_ABOUT THIS TASK_
Take the lines below from the one with "従来の計測方式では、誤差を減" through the one with "El diputado de" and retype them exactly. Include nothing else, and no pictures.

_SOURCE MATERIAL_

========================================================================

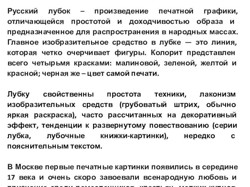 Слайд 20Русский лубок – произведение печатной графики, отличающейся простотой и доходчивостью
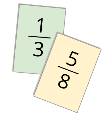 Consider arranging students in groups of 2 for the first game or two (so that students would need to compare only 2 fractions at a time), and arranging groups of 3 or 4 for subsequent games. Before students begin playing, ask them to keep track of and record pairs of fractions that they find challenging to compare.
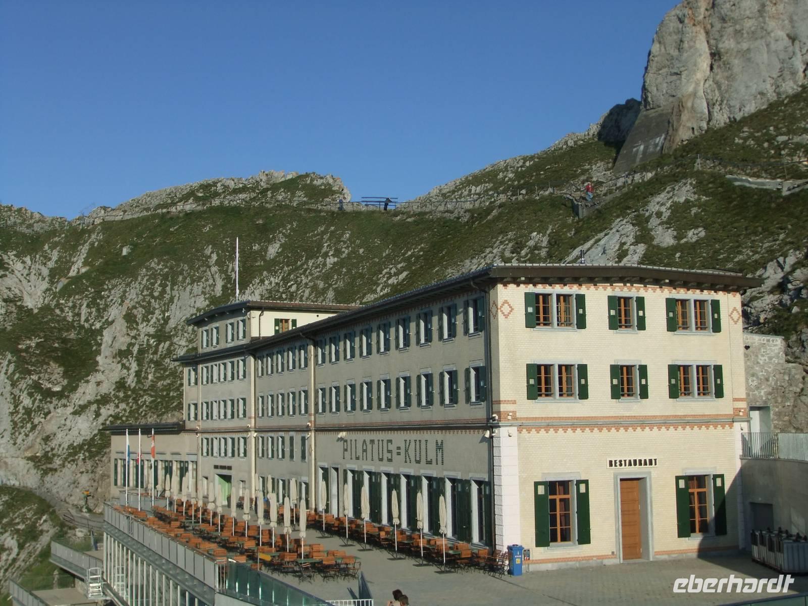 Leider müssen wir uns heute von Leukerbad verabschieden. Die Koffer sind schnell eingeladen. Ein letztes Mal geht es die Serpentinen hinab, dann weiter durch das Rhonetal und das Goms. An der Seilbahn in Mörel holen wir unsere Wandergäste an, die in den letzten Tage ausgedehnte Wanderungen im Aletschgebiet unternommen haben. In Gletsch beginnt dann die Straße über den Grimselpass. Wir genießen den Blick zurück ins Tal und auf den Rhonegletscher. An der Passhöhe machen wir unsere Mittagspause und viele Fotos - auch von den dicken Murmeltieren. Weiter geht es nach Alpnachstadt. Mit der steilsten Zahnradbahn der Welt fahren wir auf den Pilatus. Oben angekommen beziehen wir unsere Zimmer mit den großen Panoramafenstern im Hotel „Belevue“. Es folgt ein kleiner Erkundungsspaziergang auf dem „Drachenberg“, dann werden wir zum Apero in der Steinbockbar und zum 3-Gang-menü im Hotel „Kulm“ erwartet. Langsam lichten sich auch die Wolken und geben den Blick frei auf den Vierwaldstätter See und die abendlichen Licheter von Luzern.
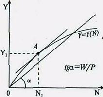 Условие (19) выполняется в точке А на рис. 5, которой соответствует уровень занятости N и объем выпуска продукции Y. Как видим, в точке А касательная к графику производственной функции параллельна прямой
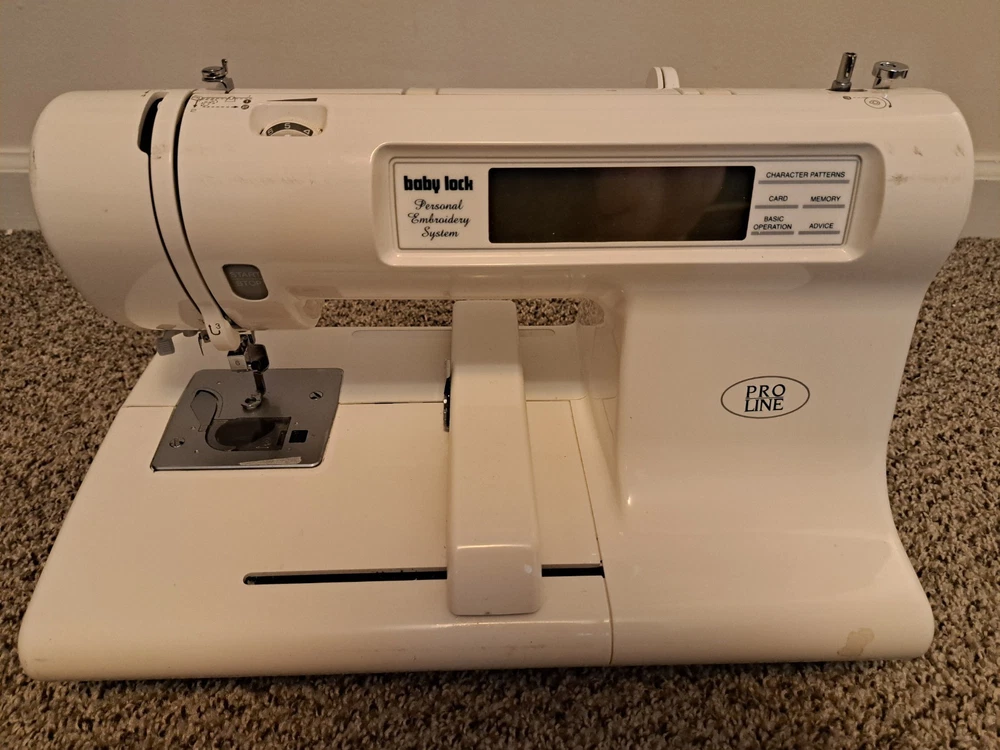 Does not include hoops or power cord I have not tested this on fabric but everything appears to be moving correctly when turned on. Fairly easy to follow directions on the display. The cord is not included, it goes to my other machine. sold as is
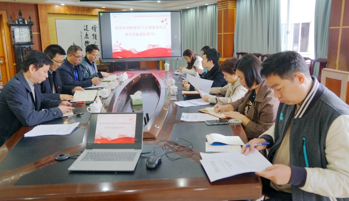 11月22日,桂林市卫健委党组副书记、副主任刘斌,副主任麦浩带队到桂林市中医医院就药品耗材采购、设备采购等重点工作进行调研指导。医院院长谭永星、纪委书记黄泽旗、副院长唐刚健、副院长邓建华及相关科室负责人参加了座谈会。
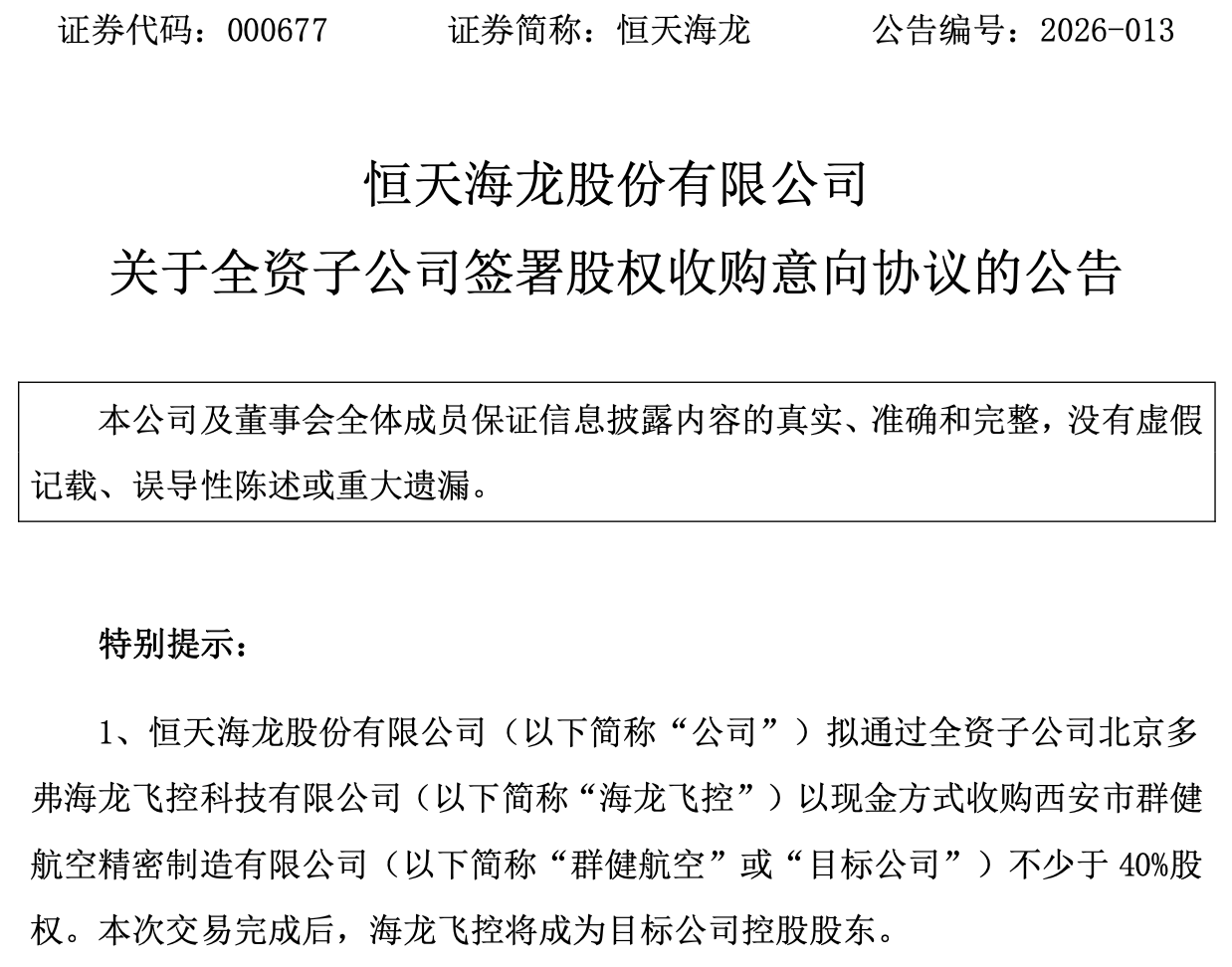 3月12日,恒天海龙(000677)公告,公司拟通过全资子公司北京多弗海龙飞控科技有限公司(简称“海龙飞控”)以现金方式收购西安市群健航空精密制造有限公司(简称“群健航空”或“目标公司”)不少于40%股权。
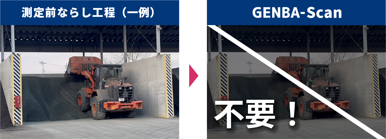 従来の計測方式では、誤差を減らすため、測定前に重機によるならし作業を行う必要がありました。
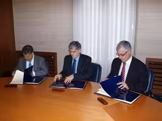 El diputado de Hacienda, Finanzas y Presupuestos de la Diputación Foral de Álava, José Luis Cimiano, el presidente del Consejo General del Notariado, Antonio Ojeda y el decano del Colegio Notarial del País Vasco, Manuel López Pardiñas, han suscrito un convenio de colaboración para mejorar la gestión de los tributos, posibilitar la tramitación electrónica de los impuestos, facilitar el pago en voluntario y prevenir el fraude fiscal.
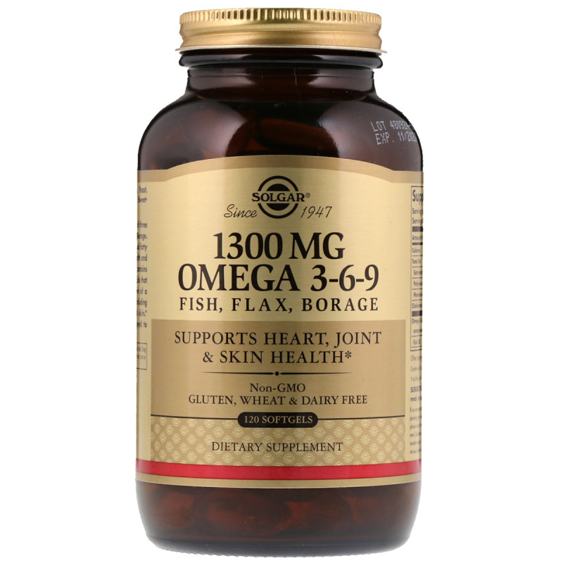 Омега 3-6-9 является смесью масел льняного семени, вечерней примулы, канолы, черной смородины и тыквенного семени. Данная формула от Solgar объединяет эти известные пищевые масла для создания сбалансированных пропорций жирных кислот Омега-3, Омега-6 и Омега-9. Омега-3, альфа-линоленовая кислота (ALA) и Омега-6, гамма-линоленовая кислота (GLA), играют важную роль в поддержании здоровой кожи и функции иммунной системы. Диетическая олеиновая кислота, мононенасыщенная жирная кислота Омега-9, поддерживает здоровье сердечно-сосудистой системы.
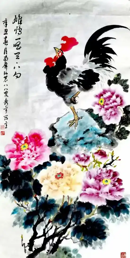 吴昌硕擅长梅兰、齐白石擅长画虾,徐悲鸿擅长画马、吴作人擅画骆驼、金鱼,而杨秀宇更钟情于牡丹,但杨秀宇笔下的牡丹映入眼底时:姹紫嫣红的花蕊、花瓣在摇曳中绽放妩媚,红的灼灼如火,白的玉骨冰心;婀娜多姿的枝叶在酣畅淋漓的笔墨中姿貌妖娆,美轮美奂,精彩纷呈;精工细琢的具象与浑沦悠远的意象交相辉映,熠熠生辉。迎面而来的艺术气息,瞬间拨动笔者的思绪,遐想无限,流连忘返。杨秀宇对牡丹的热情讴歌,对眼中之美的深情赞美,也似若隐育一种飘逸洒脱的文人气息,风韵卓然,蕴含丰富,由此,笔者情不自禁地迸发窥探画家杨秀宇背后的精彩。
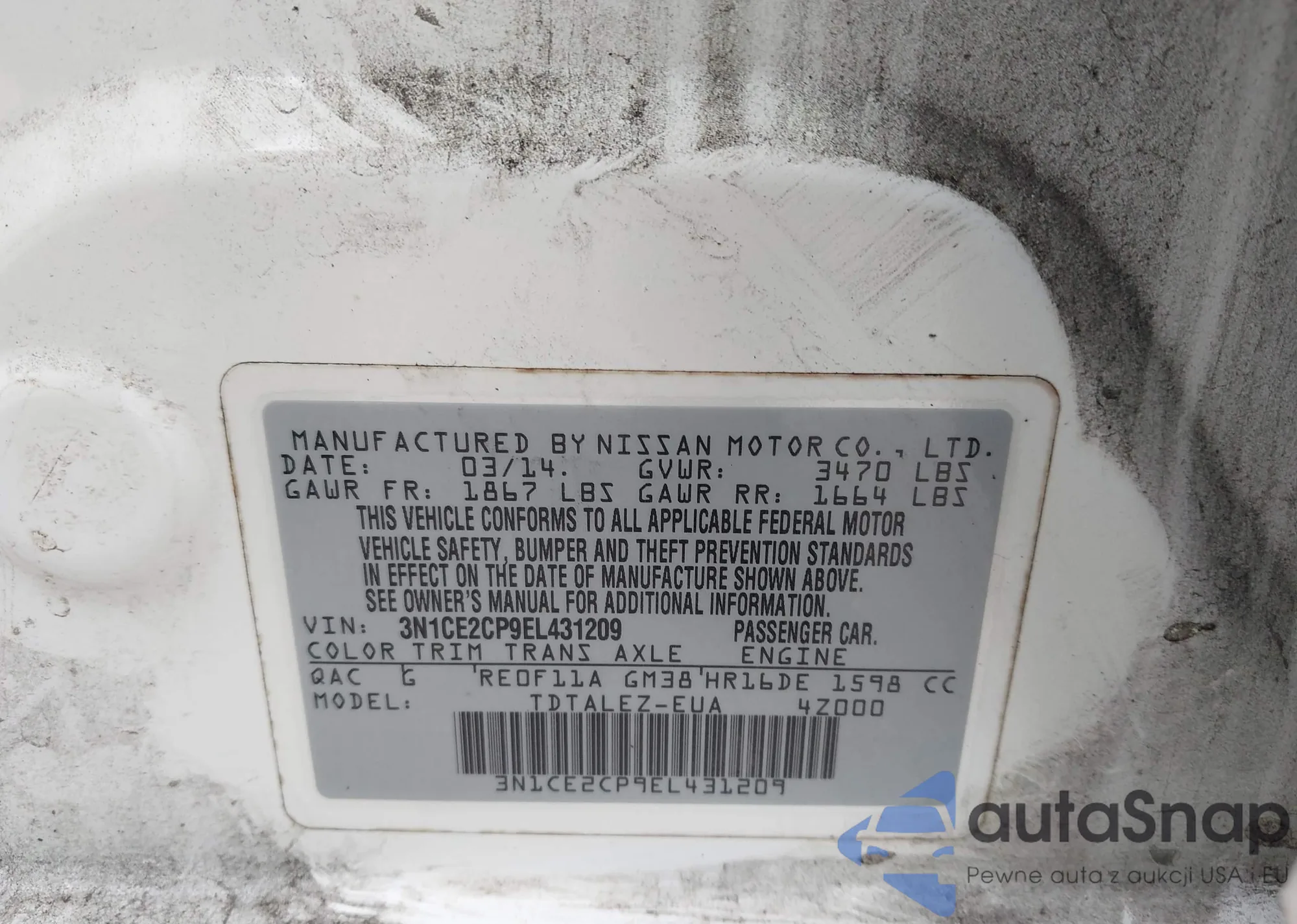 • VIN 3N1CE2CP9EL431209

========================================================================

_THE ANSWER_
 従来の計測方式では、誤差を減らすため、測定前に重機によるならし作業を行う必要がありました。
 El diputado de Hacienda, Finanzas y Presupuestos de la Diputación Foral de Álava, José Luis Cimiano, el presidente del Consejo General del Notariado, Antonio Ojeda y el decano del Colegio Notarial del País Vasco, Manuel López Pardiñas, han suscrito un convenio de colaboración para mejorar la gestión de los tributos, posibilitar la tramitación electrónica de los impuestos, facilitar el pago en voluntario y prevenir el fraude fiscal.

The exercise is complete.